▶ _Task prompt_
In this exercise, write out the data word for word and leave every image out.

Given information: Begin

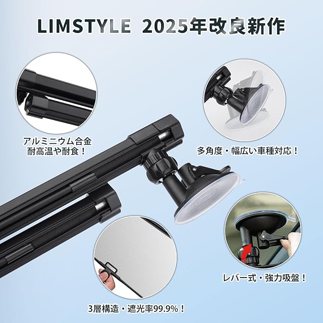 4.【ワンタッチ設置&常時取付型】主に3ステップ設置手順:①吸盤位置決め → ②ポール伸縮調整 → ③フックに掛けるだけ工具不要のカンタン取り付け! 日本語取説付属、初心者向け。【サンシェードを収納する時のコツ】①手で軽く巻き上げ→ ②手を放して収納パイプに自動吸引させます→ ③途中で止まる場合は、一度広げてシワを伸ばすとスムーズに動作します。
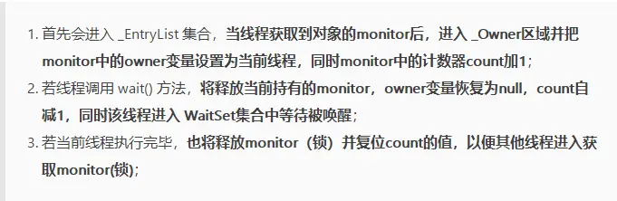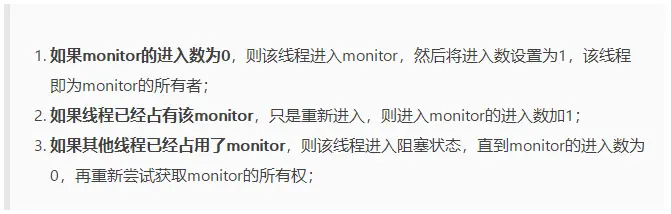 1.monitorenter:每个对象都是一个监视器锁(monitor)。当monitor被占用时就会处于锁定状态,线程执行monitorenter指令时尝试获取monitor的所有权,过程如下:
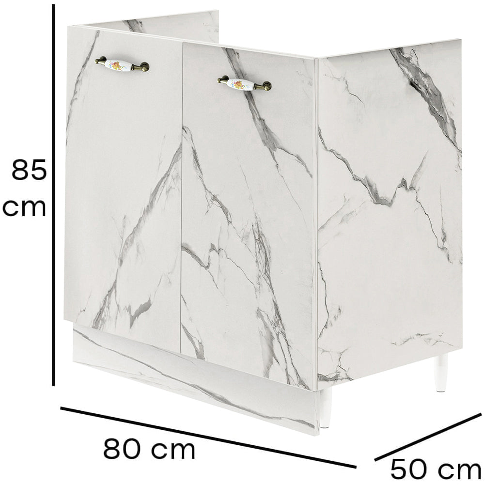 1 x Mobile Sottolavello Cucina Componibile Mobiletto Bianco Effetto Marmo con 2 Ante

Given information: End

▶ _Exercise solution_
 4.【ワンタッチ設置&常時取付型】主に3ステップ設置手順:①吸盤位置決め → ②ポール伸縮調整 → ③フックに掛けるだけ工具不要のカンタン取り付け! 日本語取説付属、初心者向け。【サンシェードを収納する時のコツ】①手で軽く巻き上げ→ ②手を放して収納パイプに自動吸引させます→ ③途中で止まる場合は、一度広げてシワを伸ばすとスムーズに動作します。
 1.monitorenter:每个对象都是一个监视器锁(monitor)。当monitor被占用时就会处于锁定状态,线程执行monitorenter指令时尝试获取monitor的所有权,过程如下:
 1 x Mobile Sottolavello Cucina Componibile Mobiletto Bianco Effetto Marmo con 2 Ante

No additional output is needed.